[Dataset extract — start]
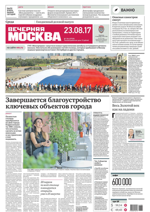 «Вечерняя Москва» — ежедневная российская вечерняя газета, старейшее из вечерних изданий в России, учрежденное в 1923 году. Выходит пять дней в неделю, кроме субботы и воскресенья. Отличается тем, что рассказывает о событиях еще не завершившегося дня. Оперативно освещает хронику и особенности жизни Москвы, охватывает все слои общества и большинство профессиональных и возрастных групп читателей.Издание представлено тремя выпусками – утренним ежедневным, вечерним (выходит три раза в неделю), еженедельным (выходит по четвергам).
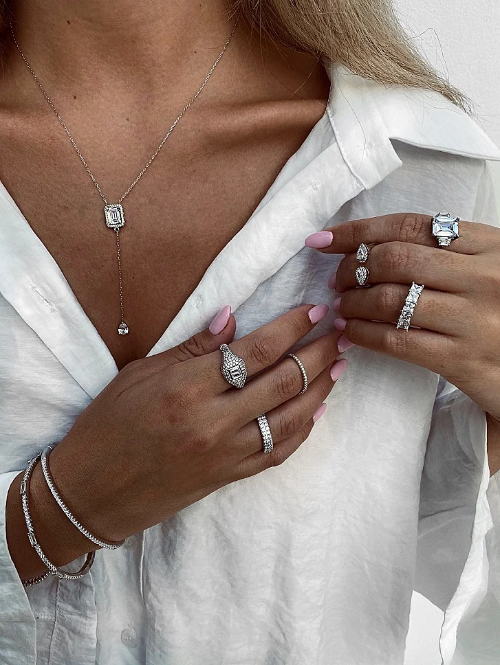 "בעיקר מכסף טהור (925) ועם אחריות לשנה, במקום 3 חודשים אצל רבים אחרים. המיוחד אצלנו זו האפשרות לבחור כל תכשיט גם בצבעים נוספים כמו 'גולדפילד' או 'רוז גולד', או בשילוב אבני סברובסקי. מה שמאפשר התאמה אישית לכל לקוחה. העיצובים הם לנשים בלבד. הקו המרכזי הוא כסף טהור, אך בשילוב תכשיטי אופנה. שילוב מנצח".
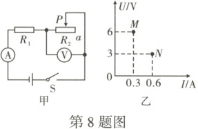 8. _核心素养·科学思维_如图甲所示,电源电压保持不变,闭合开关 $ S $,将滑动变阻器 $ R_{2} $ 的滑片 $ P $ 分别移动到最右端 $ a $ 和某处 $ b $ (图中未标出),记录两次电表的示数并标于图乙中 $ M $、$ N $ 两点处。电源电压为_$ V $。
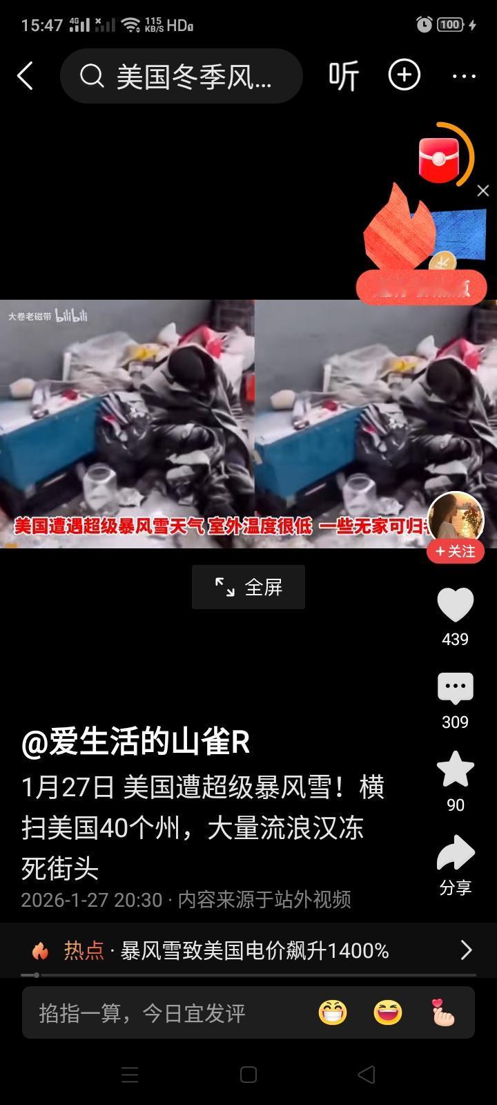 零下40度,“斩杀线”下的美国人民这次恐怕又难挺过去了吧?听说光纽约一夜之间就有几十名流浪者被冻死。这种事情如果发生在中国得有多少官员被问责?但这事发生在美国人们就见怪不怪了,也不会有任何一名官员被问责的,这就是所谓的“民主”国家,被冻死是个人的事?不关国家和政府官员什么事?
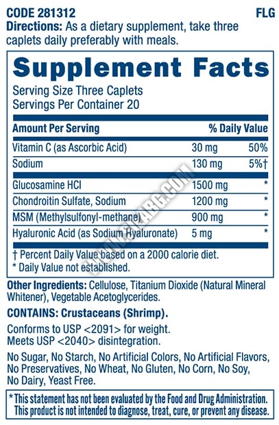 Съставки: глюкозамин, хондроитин, МСМ комплекс
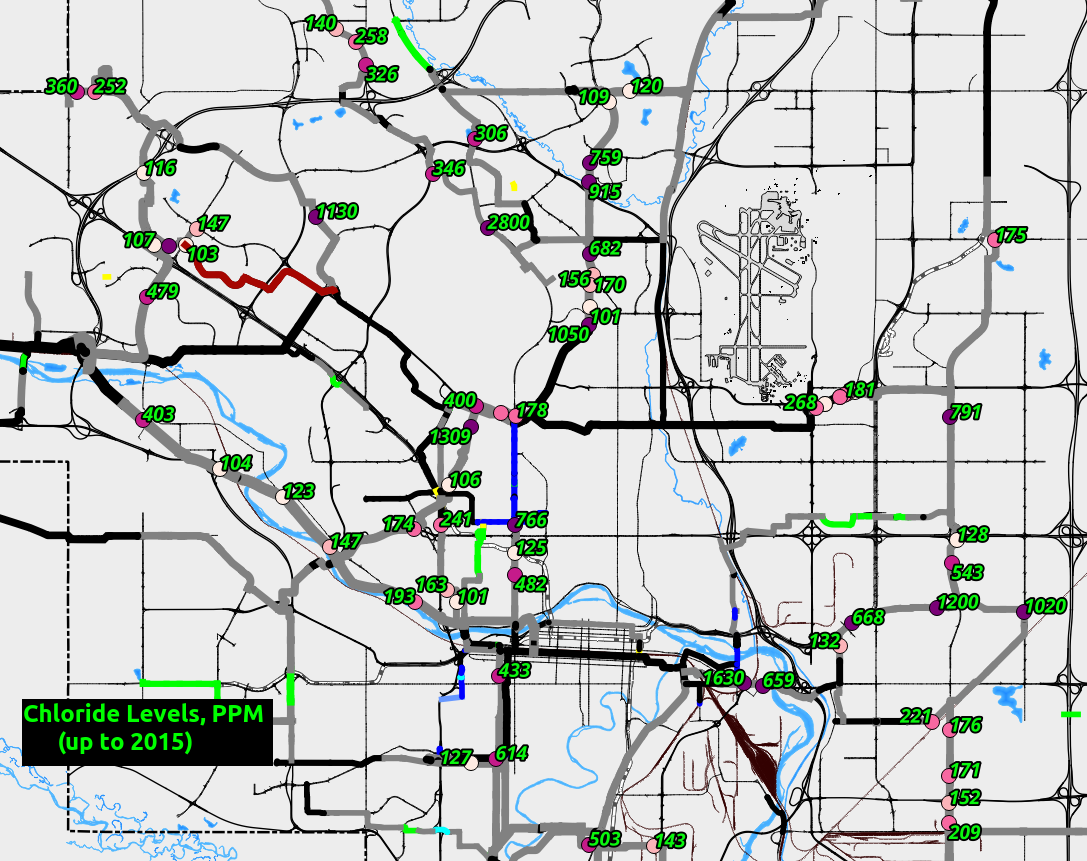 Scary is about the same number for any kind of corrosive ion: as you get past a thousand parts per million, get worried. There are some high numbers around town, here and there: 2800 north of Nose Hill park, 1200 and 1020 around 52nd St east...but nothing over 500 on those dozen tests done down by the river.
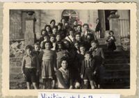 Beate and Susie Stern in group portrait of Jewish Displaced Persons outside the Chateau La Borie children's home in Limoges, France. Beate is the first person on the left in the third row. Susie is standing to the side holding what appears to be a slice of bread.
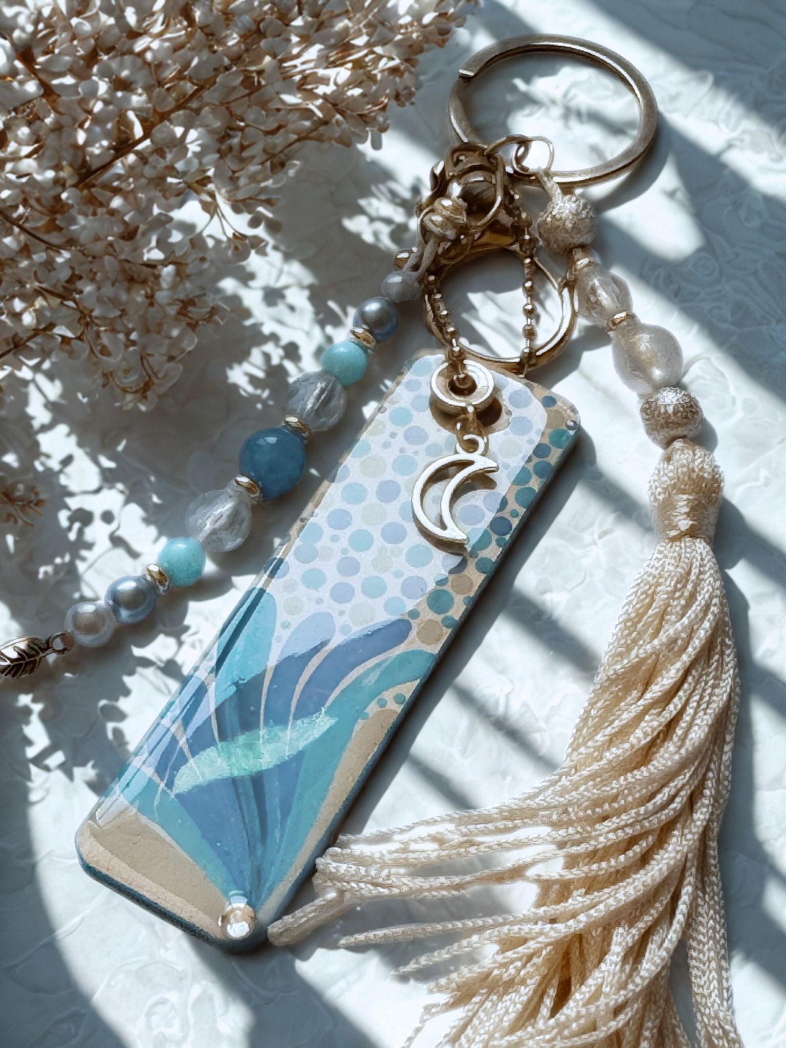 Feito à mão em MDF, com pintura em mandala nos tons de azul, pedrarias selecionadas e um delicado pingente de lua. Uma peça que transmite calma e boas energias, perfeita para quem ama carregar arte e significado no dia a dia.
[Dataset extract — finish]
:: Task requirements ::
Write out the data above exactly as it appears, but without any image.

:: Result for this exercise ::
 «Вечерняя Москва» — ежедневная российская вечерняя газета, старейшее из вечерних изданий в России, учрежденное в 1923 году. Выходит пять дней в неделю, кроме субботы и воскресенья. Отличается тем, что рассказывает о событиях еще не завершившегося дня. Оперативно освещает хронику и особенности жизни Москвы, охватывает все слои общества и большинство профессиональных и возрастных групп читателей.Издание представлено тремя выпусками – утренним ежедневным, вечерним (выходит три раза в неделю), еженедельным (выходит по четвергам).
 "בעיקר מכסף טהור (925) ועם אחריות לשנה, במקום 3 חודשים אצל רבים אחרים. המיוחד אצלנו זו האפשרות לבחור כל תכשיט גם בצבעים נוספים כמו 'גולדפילד' או 'רוז גולד', או בשילוב אבני סברובסקי. מה שמאפשר התאמה אישית לכל לקוחה. העיצובים הם לנשים בלבד. הקו המרכזי הוא כסף טהור, אך בשילוב תכשיטי אופנה. שילוב מנצח".
 8. _核心素养·科学思维_如图甲所示,电源电压保持不变,闭合开关 $ S $,将滑动变阻器 $ R_{2} $ 的滑片 $ P $ 分别移动到最右端 $ a $ 和某处 $ b $ (图中未标出),记录两次电表的示数并标于图乙中 $ M $、$ N $ 两点处。电源电压为_$ V $。
 零下40度,“斩杀线”下的美国人民这次恐怕又难挺过去了吧?听说光纽约一夜之间就有几十名流浪者被冻死。这种事情如果发生在中国得有多少官员被问责?但这事发生在美国人们就见怪不怪了,也不会有任何一名官员被问责的,这就是所谓的“民主”国家,被冻死是个人的事?不关国家和政府官员什么事?
 Съставки: глюкозамин, хондроитин, МСМ комплекс
 Scary is about the same number for any kind of corrosive ion: as you get past a thousand parts per million, get worried. There are some high numbers around town, here and there: 2800 north of Nose Hill park, 1200 and 1020 around 52nd St east...but nothing over 500 on those dozen tests done down by the river.
 Beate and Susie Stern in group portrait of Jewish Displaced Persons outside the Chateau La Borie children's home in Limoges, France. Beate is the first person on the left in the third row. Susie is standing to the side holding what appears to be a slice of bread.
 Feito à mão em MDF, com pintura em mandala nos tons de azul, pedrarias selecionadas e um delicado pingente de lua. Uma peça que transmite calma e boas energias, perfeita para quem ama carregar arte e significado no dia a dia.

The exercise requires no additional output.